** Opening Recorded data block **

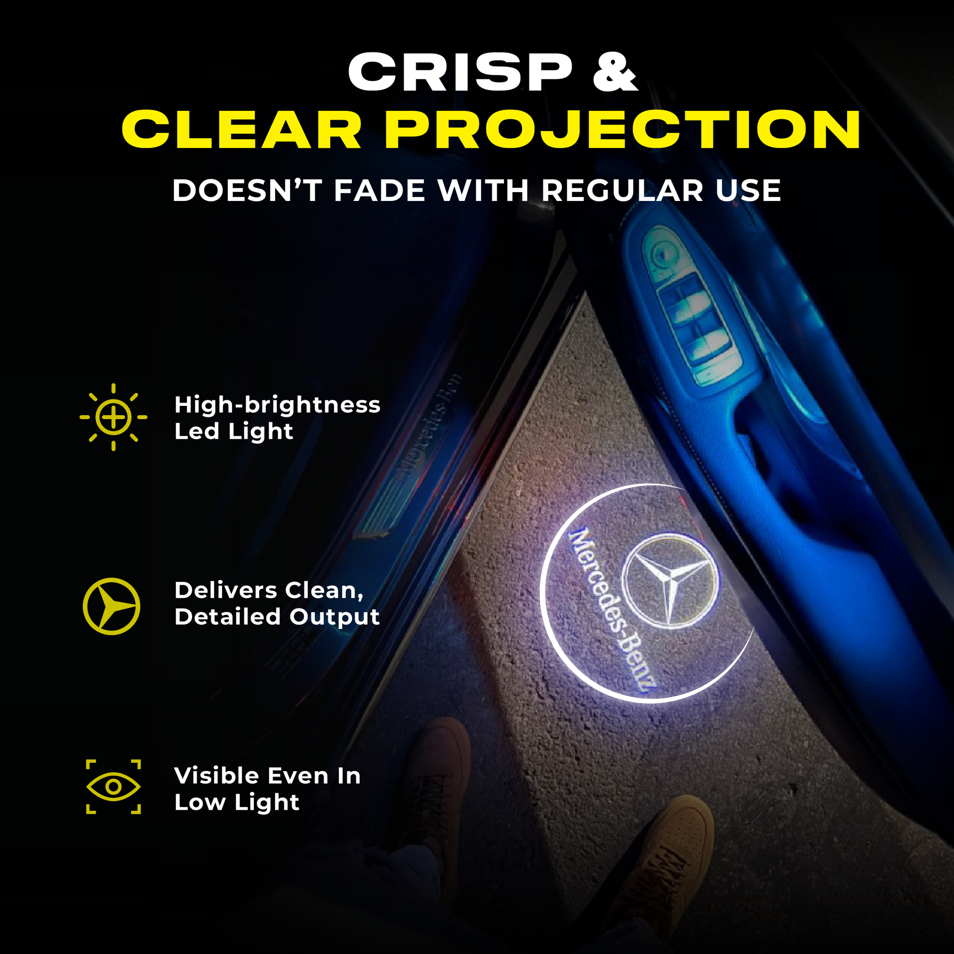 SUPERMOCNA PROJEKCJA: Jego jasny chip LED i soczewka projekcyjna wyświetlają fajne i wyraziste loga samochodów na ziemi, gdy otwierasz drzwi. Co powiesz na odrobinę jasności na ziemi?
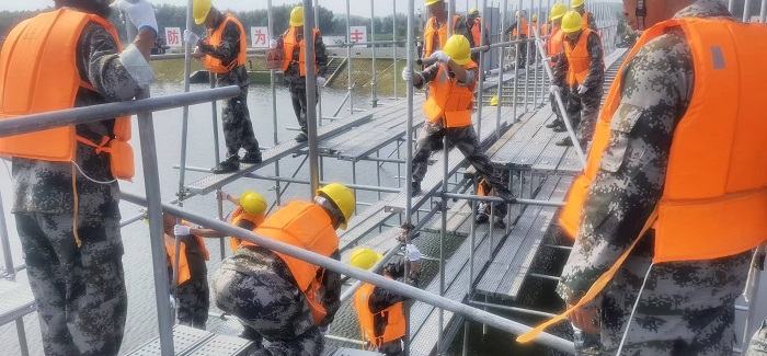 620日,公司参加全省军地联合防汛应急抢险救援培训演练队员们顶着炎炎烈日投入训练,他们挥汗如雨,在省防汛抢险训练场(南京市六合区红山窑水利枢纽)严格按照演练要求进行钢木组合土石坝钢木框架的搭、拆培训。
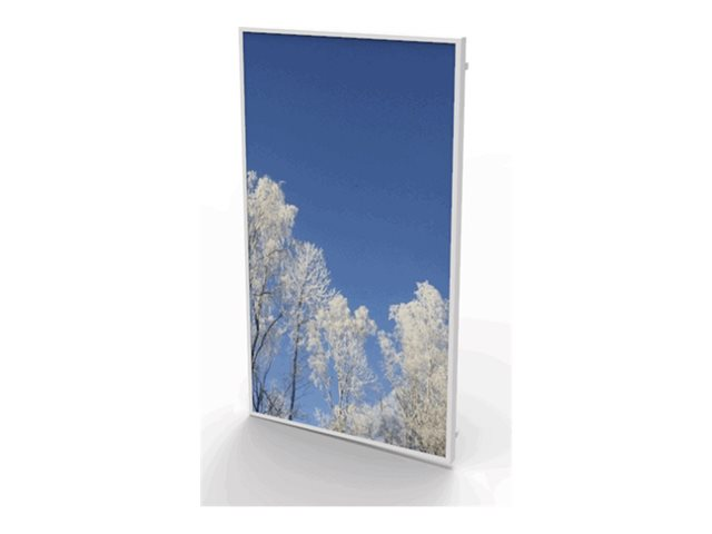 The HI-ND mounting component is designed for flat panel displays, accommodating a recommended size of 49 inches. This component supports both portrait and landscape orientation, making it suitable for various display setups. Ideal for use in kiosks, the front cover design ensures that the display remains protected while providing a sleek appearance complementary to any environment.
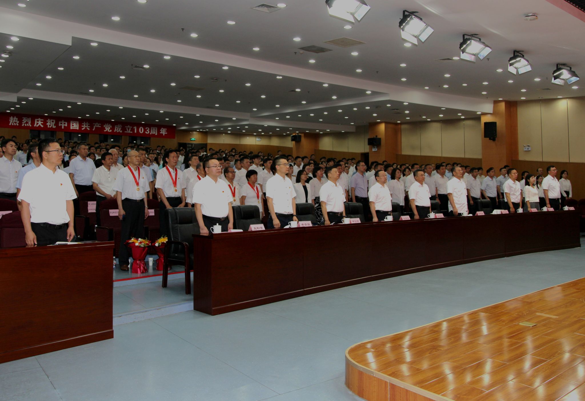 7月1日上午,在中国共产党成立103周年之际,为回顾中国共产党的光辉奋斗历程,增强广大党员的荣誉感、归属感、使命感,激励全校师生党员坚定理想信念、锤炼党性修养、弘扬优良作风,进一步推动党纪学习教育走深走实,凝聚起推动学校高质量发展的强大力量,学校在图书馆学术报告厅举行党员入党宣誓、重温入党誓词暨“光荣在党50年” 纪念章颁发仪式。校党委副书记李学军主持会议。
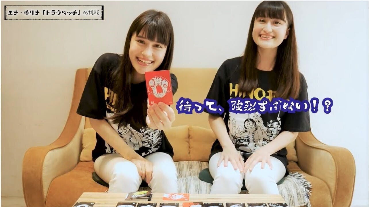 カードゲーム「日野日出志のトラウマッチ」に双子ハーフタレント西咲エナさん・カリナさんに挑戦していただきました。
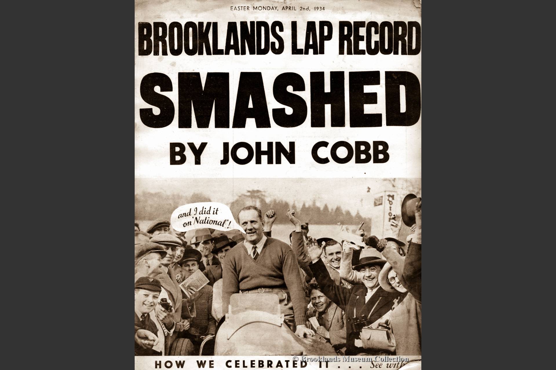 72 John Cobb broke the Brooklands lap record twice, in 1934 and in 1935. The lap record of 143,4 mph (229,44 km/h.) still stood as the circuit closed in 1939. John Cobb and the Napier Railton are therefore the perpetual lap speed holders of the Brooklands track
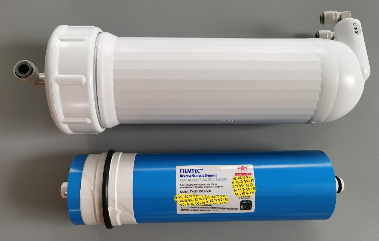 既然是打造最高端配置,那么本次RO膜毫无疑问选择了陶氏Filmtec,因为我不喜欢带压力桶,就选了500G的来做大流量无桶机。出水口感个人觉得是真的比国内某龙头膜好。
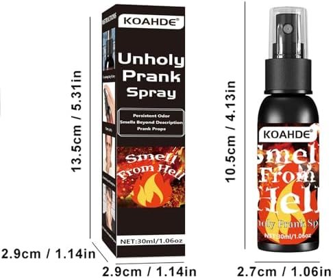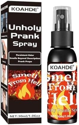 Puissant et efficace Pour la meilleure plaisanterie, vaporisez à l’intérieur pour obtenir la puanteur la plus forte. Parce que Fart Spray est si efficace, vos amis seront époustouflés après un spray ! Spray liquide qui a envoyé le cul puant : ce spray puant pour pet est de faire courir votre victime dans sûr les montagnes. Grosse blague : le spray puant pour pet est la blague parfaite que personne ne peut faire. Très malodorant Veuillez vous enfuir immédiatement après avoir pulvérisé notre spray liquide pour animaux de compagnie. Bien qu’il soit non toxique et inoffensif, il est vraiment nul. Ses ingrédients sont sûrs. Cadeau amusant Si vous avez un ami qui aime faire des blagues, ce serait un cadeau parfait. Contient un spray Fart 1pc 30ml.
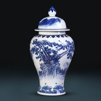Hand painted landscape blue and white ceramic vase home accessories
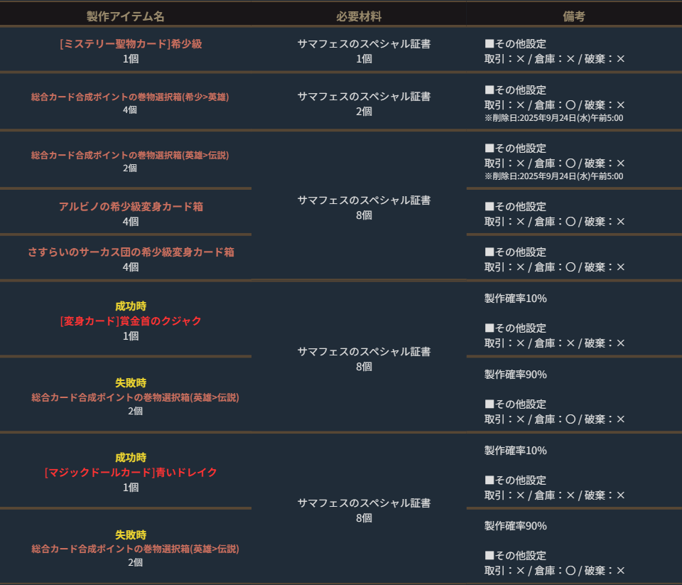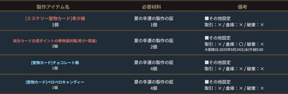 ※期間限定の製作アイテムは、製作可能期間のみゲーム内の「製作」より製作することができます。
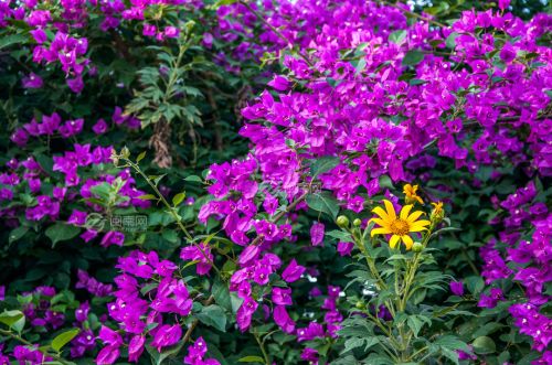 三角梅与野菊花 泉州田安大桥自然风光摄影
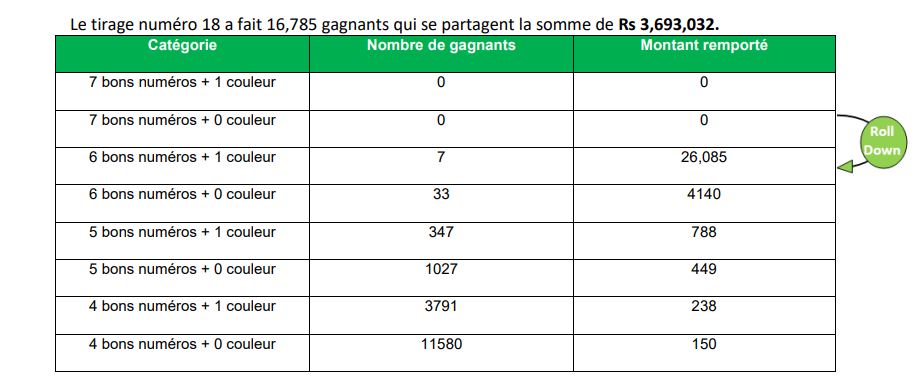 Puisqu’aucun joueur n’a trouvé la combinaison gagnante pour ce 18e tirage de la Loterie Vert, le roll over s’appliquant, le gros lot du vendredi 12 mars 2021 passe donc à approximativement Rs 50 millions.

** Closing Recorded data block **
** Opening Recorded data block **

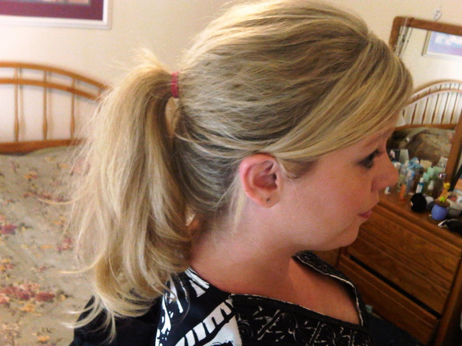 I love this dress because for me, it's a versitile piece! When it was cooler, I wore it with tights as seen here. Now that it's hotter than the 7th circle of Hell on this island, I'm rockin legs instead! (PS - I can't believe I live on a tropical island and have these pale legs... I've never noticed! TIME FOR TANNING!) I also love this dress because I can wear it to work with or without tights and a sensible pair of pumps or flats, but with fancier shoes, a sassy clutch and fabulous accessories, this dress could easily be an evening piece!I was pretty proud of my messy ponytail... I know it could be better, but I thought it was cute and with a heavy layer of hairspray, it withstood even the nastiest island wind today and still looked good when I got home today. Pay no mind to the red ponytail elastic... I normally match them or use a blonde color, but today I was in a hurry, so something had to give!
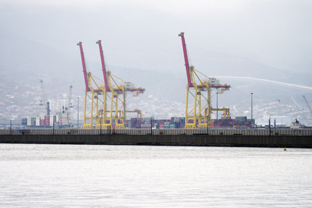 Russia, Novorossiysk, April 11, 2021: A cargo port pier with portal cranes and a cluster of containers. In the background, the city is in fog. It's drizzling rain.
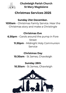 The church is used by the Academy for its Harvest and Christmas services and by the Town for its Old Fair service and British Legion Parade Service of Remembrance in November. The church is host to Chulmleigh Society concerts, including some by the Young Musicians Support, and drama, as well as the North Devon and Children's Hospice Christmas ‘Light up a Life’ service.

** Closing Recorded data block **

Required work — The expected output is the lines above from the one containing "620日,公司参加全省军地联" to the one containing "既然是打造最高端配置,那么本", both ends included, reproduced exactly with every picture left out.

Expected output —
 620日,公司参加全省军地联合防汛应急抢险救援培训演练队员们顶着炎炎烈日投入训练,他们挥汗如雨,在省防汛抢险训练场(南京市六合区红山窑水利枢纽)严格按照演练要求进行钢木组合土石坝钢木框架的搭、拆培训。
 The HI-ND mounting component is designed for flat panel displays, accommodating a recommended size of 49 inches. This component supports both portrait and landscape orientation, making it suitable for various display setups. Ideal for use in kiosks, the front cover design ensures that the display remains protected while providing a sleek appearance complementary to any environment.
 7月1日上午,在中国共产党成立103周年之际,为回顾中国共产党的光辉奋斗历程,增强广大党员的荣誉感、归属感、使命感,激励全校师生党员坚定理想信念、锤炼党性修养、弘扬优良作风,进一步推动党纪学习教育走深走实,凝聚起推动学校高质量发展的强大力量,学校在图书馆学术报告厅举行党员入党宣誓、重温入党誓词暨“光荣在党50年” 纪念章颁发仪式。校党委副书记李学军主持会议。
 カードゲーム「日野日出志のトラウマッチ」に双子ハーフタレント西咲エナさん・カリナさんに挑戦していただきました。
 72 John Cobb broke the Brooklands lap record twice, in 1934 and in 1935. The lap record of 143,4 mph (229,44 km/h.) still stood as the circuit closed in 1939. John Cobb and the Napier Railton are therefore the perpetual lap speed holders of the Brooklands track
 既然是打造最高端配置,那么本次RO膜毫无疑问选择了陶氏Filmtec,因为我不喜欢带压力桶,就选了500G的来做大流量无桶机。出水口感个人觉得是真的比国内某龙头膜好。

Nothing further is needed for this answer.